= Beginning of Section =

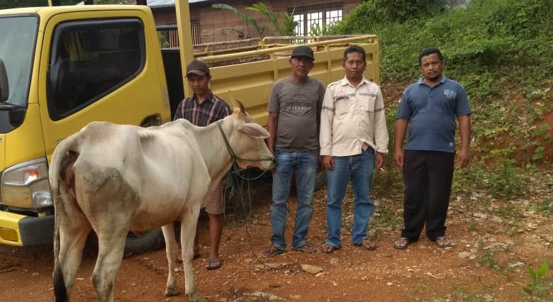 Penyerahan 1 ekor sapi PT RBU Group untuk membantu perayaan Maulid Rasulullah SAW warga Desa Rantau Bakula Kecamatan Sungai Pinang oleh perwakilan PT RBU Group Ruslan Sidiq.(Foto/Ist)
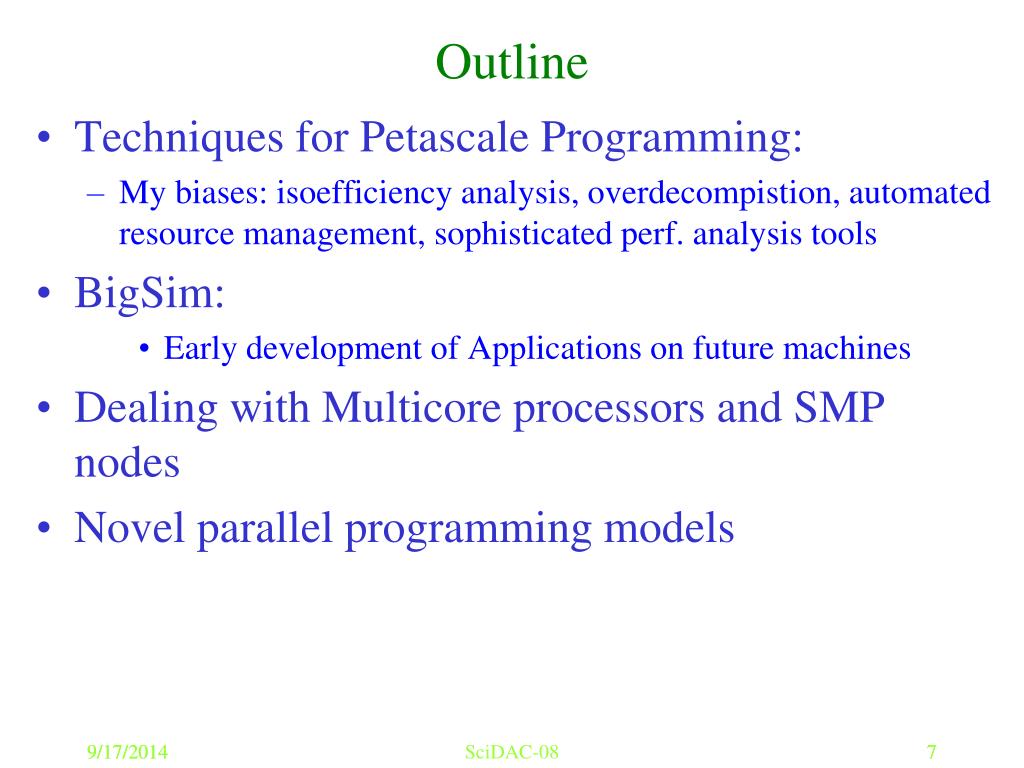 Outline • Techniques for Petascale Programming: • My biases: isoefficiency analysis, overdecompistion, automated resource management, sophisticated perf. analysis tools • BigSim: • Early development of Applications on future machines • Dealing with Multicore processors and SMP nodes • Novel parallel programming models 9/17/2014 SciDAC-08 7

= End of Section =
= Beginning of Section =

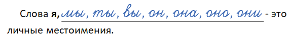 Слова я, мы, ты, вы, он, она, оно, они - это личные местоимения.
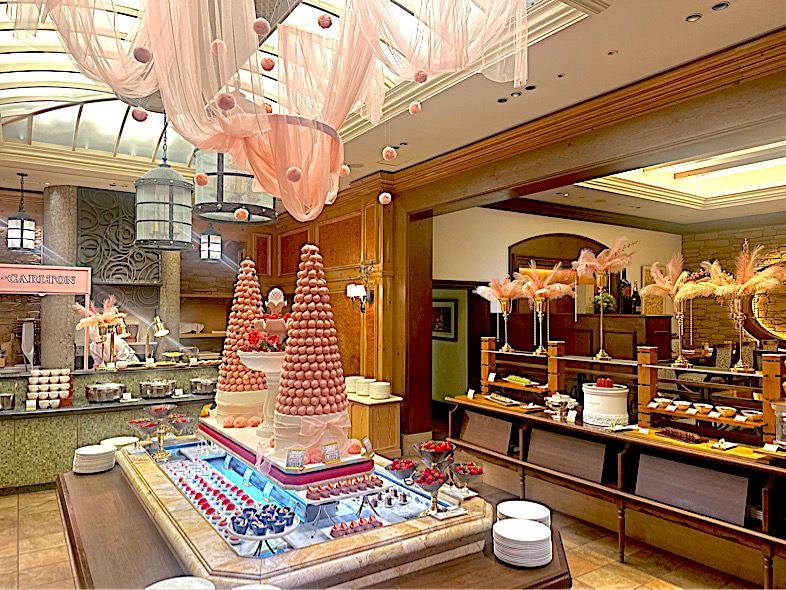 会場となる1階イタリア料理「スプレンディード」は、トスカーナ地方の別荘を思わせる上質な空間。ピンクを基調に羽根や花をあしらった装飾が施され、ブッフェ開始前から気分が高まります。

= End of Section =

WHAT THE TASK ASKS »
Take only the lines above from the one that has "Penyerahan 1 ekor" through the one that has "Outline • Techniques" and reproduce them exactly, omitting any pictures.

OUTPUT BELOW »
 Penyerahan 1 ekor sapi PT RBU Group untuk membantu perayaan Maulid Rasulullah SAW warga Desa Rantau Bakula Kecamatan Sungai Pinang oleh perwakilan PT RBU Group Ruslan Sidiq.(Foto/Ist)
 Outline • Techniques for Petascale Programming: • My biases: isoefficiency analysis, overdecompistion, automated resource management, sophisticated perf. analysis tools • BigSim: • Early development of Applications on future machines • Dealing with Multicore processors and SMP nodes • Novel parallel programming models 9/17/2014 SciDAC-08 7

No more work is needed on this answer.